AtriCure has received an expanded indication for the AtriClip left atrial appendage (LAA) exclusion system in CE-marked countries in Europe.
The product is now indicated for use in patients at high risk of thromboembolism for whom left atrial appendage exclusion is warranted.
The AtriClip family of devices are designed to exclude, electrically isolate, and eventually eliminate the left atrial appendage during cardiac surgery. The LAA is a major source of blood clots in patients with atrial fibrillation (AF).

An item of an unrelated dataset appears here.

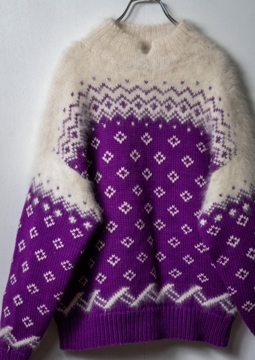 80~90's Botanical Like Geometry Angora Mix Sweater

“This new indication is tremendous validation of our AtriClip device,” said Michael Carrel, president and CEO of AtriCure. “With over 550,000 patients successfully treated worldwide, we have seen the impact that our devices have on patient care. The expanded indication from the European Commission confirms our own clinical evidence that strokes can be reduced in patients who are at high risk of developing thromboembolism, and we continue to see strong opportunity to grow adoption of mechanical appendage closure.”
“I’ve been using AtriClip devices for over a decade and have seen firsthand the benefits of its safety and efficacy,” said Nicolas Doll (Schuechtermann-Clinic, Bad Rothenfelde, Germany). “The devices are easy to use, and they provide patients with the benefit of long-term prevention of stroke, which makes adoption of the AtriClip an easy decision.”